Nous l’avons trouvé chez la gargotière du coin en train de boire du café. La fatigue se lit sur son visage. Ses yeux rouges et gonflés sont le résultat de plusieurs nuits blanches. Après les salamalecs d’usage, nous lui expliquons les raisons de notre visite sur les lieux. Réticent au début, il a finalement accepté de se confier à nous. « Je ne saurais vous dire ce qui a été à l’origine de leur dispute pour ce cas-ci. Mais, ils étaient, tout le temps, en désaccord. A chaque altercation, Dame Ndiaye menaçait de le tuer. Mais, nous n’avions jamais pensé qu’il mettrait à exécution ses menaces. De toute façon, il proférait les mêmes menaces à l’encontre de toute personne avec qui il avait des démêlés », nous confie Bira, la voix étreinte de tristesse.
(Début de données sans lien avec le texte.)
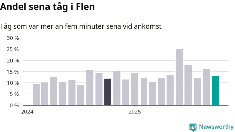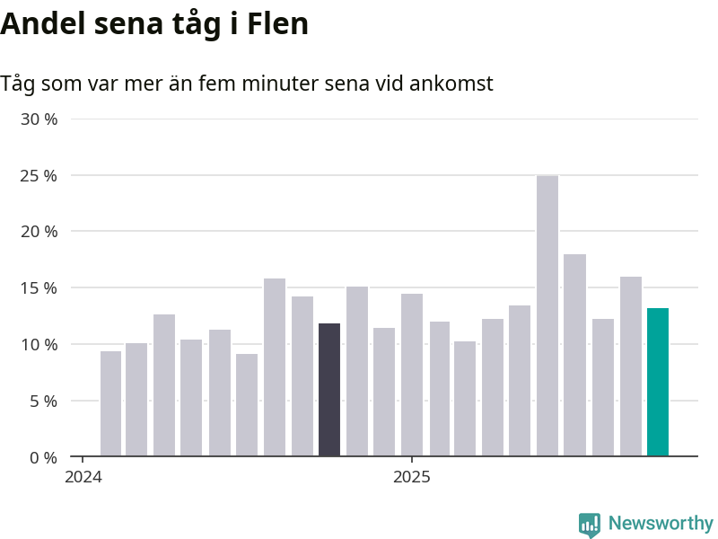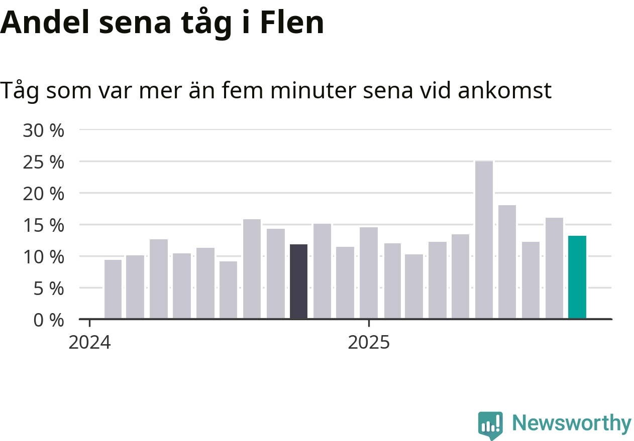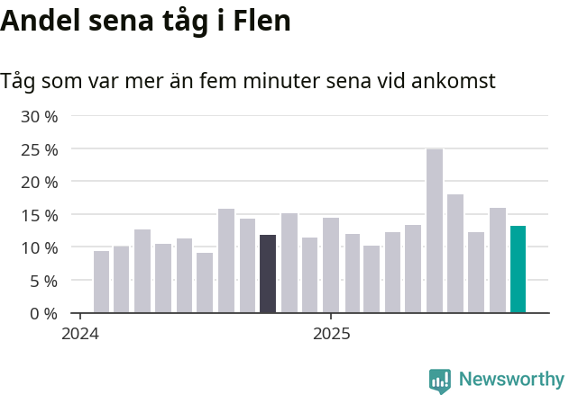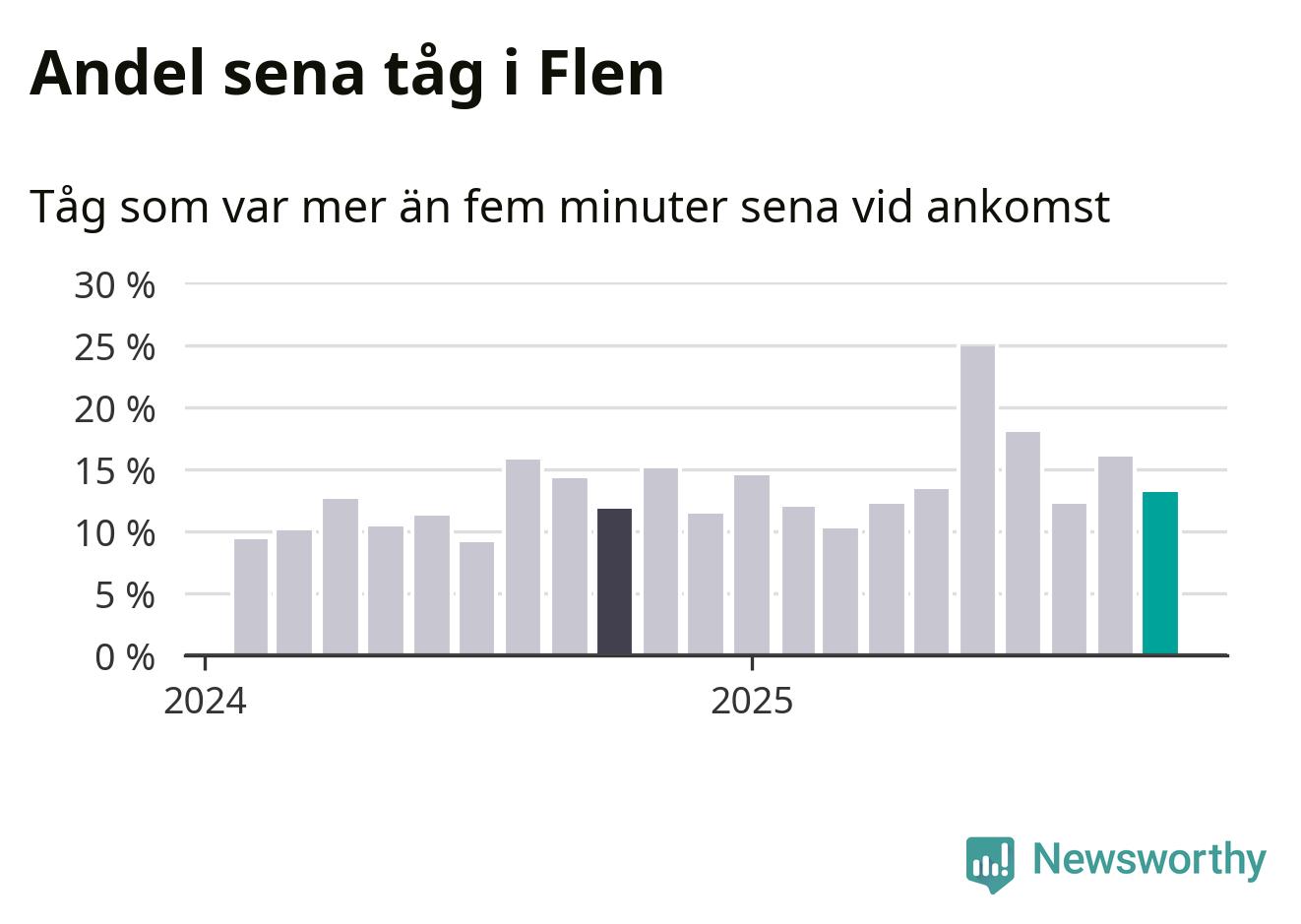 13 procent kan jämföras med 16 procent månaden innan, och tolv procent i oktober 2024. Siffrorna bygger på realtidsinformation om tågavgångar och ankomster från Trafikverket, som Newsworthy löpande samlar in.

« Quand on m’a montré le corps, je me suis évanoui »
Il revient sur le drame. « Il l’a aspergé d’essence avant de le brûler vif. Il n’y avait personne pour le sauver. Il a couru et s’est jeté dans les flaques d’eau pour se sauver. Hélas ! Ceux qui ont été à son chevet en premier racontent qu’il disait » Si je meurs, c’est Dame qui m’a tué ». Il a, selon eux, répété cette phrase trois fois avant de succomber à ses blessures. Quand on m’a montré le corps à l’hôpital, je me suis évanoui. Je n’avais jamais vu une personne dans un état pareil. Tout son corps était brûlé. Abou ne méritait pas ce sort. Il était quelqu’un de bien. Nous avions encore besoin de lui », sanglote le jeune frère du défunt.
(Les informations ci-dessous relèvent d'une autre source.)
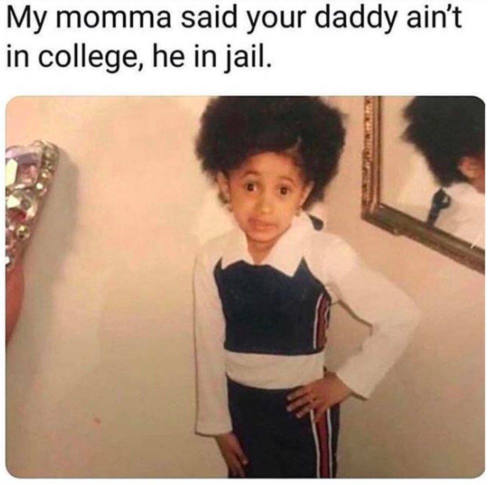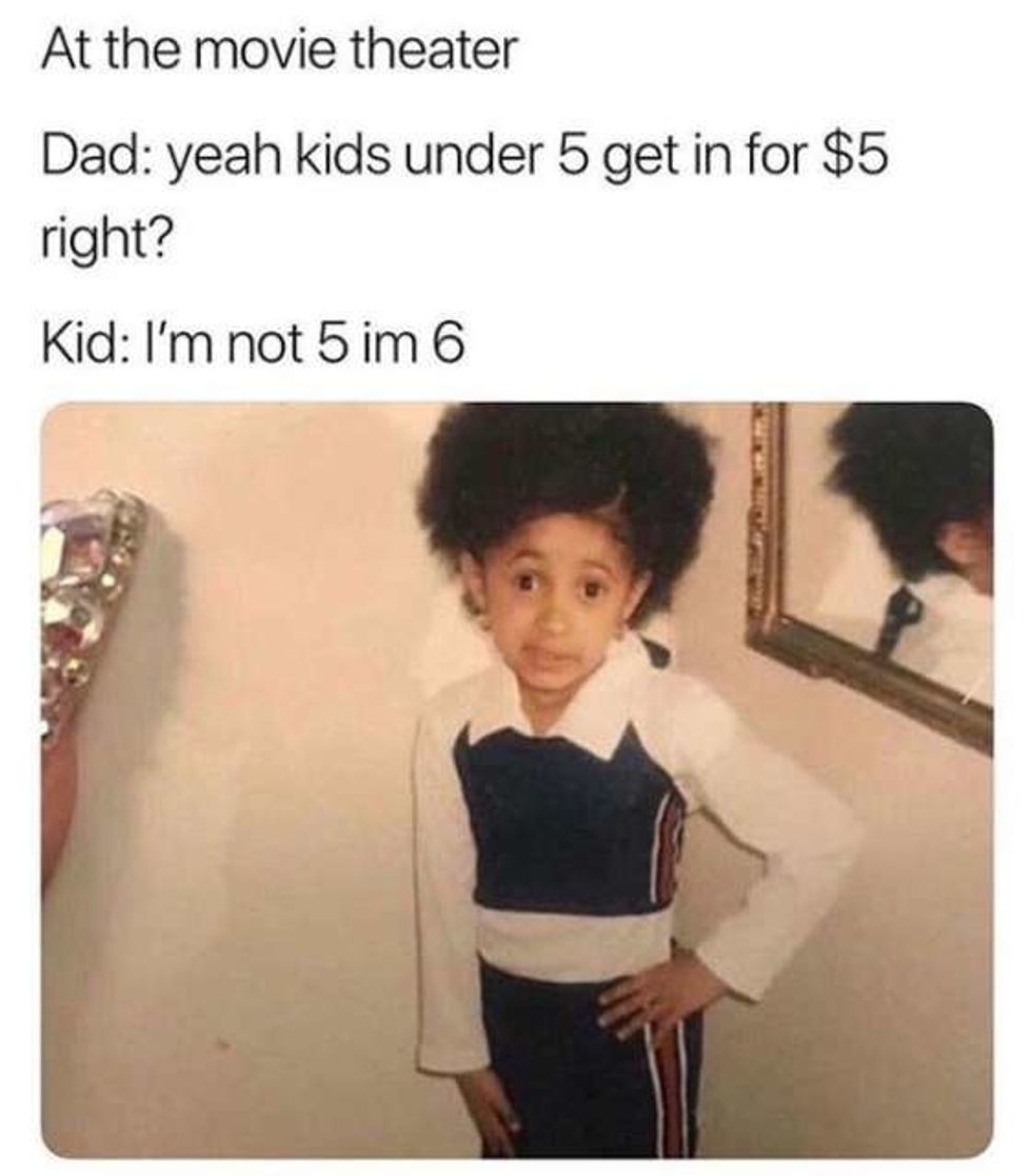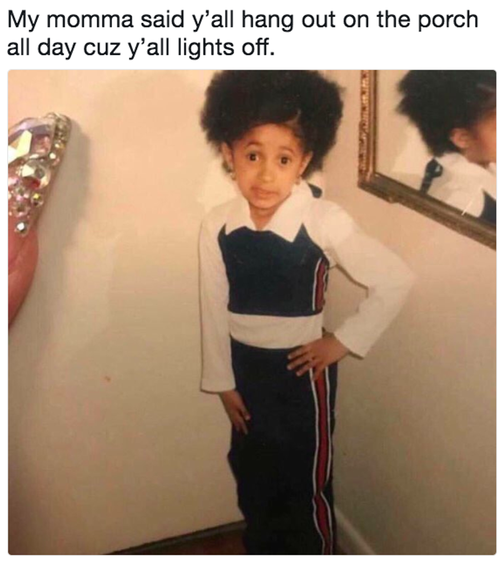 As you already have seen, rapper Cardi B posted a picture of herself from when she was 5. The picture has taken over the internet (sorry Kim K). Over the past month, the picture has become a hilarious meme. Cardi B also welcomed her first child with Offset. Even the baby has been subject to the meme, but you can't deny that they're hilarious and relatable.

Le présumé meurtrier a été refoulé d’Italie
A quelques encablures de la maison mortuaire, nous rencontrons un autre homme qui se présente comme un ami du présumé meurtrier. « Dame Ndiaye est un ami. Nous avons grandi ensemble, à Guédiawaye, d’abord, puis à Keur Massar. Il doit avoir 47 ans. Il a émigré très jeune en Italie. Il devait avoir entre 16 et 17 ans. Mais, il a été refoulé en 2007. Il est revenu au Sénégal les poches vides et avait un comportement bizarre. Il travaille comme manœuvre dans les chantiers. Parfois, c’est son défunt frère qui l’employait. Il prend de l’alcool et a, souvent, un comportement bizarre. Il est belliqueux et a la menace facile. Il s’est marié récemment et le couple attend son premier enfant. Sa femme se trouve présentement à Kaolack », a-t-il expliqué avant de qualifier l’acte d’ignoble et injustifié. Dame Ndiaye s’est livré à la gendarmerie après avoir commis son acte. En garde à vue à la gendarmerie de Keur Massar, il pourrait être déféré devant le parquet, ce lundi.